◆ Your goal ◆
The goal is to restate all of the records below word for word.

◆ Stored data ◆
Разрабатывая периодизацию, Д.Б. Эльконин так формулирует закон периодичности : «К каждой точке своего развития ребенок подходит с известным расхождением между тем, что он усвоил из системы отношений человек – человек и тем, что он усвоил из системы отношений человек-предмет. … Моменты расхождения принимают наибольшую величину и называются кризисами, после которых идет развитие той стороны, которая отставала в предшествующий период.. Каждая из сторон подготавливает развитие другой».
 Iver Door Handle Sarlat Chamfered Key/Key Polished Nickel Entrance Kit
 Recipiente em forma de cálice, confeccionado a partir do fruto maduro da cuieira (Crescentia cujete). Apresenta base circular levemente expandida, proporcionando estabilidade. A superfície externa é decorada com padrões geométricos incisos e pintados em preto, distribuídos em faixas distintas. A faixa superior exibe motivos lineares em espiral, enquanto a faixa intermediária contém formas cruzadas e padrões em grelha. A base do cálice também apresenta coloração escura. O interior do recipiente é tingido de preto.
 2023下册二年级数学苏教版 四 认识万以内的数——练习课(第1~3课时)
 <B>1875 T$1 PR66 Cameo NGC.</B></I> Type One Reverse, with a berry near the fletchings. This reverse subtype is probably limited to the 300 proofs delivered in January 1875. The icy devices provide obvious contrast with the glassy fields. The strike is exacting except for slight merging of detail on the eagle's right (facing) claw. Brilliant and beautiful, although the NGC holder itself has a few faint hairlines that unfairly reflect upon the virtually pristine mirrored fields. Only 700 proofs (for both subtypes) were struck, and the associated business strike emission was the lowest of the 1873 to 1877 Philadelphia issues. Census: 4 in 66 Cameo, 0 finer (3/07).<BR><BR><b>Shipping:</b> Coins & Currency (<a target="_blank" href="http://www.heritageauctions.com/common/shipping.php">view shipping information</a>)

◆ Task solution ◆
Разрабатывая периодизацию, Д.Б. Эльконин так формулирует закон периодичности : «К каждой точке своего развития ребенок подходит с известным расхождением между тем, что он усвоил из системы отношений человек – человек и тем, что он усвоил из системы отношений человек-предмет. … Моменты расхождения принимают наибольшую величину и называются кризисами, после которых идет развитие той стороны, которая отставала в предшествующий период.. Каждая из сторон подготавливает развитие другой».
 Iver Door Handle Sarlat Chamfered Key/Key Polished Nickel Entrance Kit
 Recipiente em forma de cálice, confeccionado a partir do fruto maduro da cuieira (Crescentia cujete). Apresenta base circular levemente expandida, proporcionando estabilidade. A superfície externa é decorada com padrões geométricos incisos e pintados em preto, distribuídos em faixas distintas. A faixa superior exibe motivos lineares em espiral, enquanto a faixa intermediária contém formas cruzadas e padrões em grelha. A base do cálice também apresenta coloração escura. O interior do recipiente é tingido de preto.
 2023下册二年级数学苏教版 四 认识万以内的数——练习课(第1~3课时)
 <B>1875 T$1 PR66 Cameo NGC.</B></I> Type One Reverse, with a berry near the fletchings. This reverse subtype is probably limited to the 300 proofs delivered in January 1875. The icy devices provide obvious contrast with the glassy fields. The strike is exacting except for slight merging of detail on the eagle's right (facing) claw. Brilliant and beautiful, although the NGC holder itself has a few faint hairlines that unfairly reflect upon the virtually pristine mirrored fields. Only 700 proofs (for both subtypes) were struck, and the associated business strike emission was the lowest of the 1873 to 1877 Philadelphia issues. Census: 4 in 66 Cameo, 0 finer (3/07).<BR><BR><b>Shipping:</b> Coins & Currency (<a target="_blank" href="http://www.heritageauctions.com/common/shipping.php">view shipping information</a>)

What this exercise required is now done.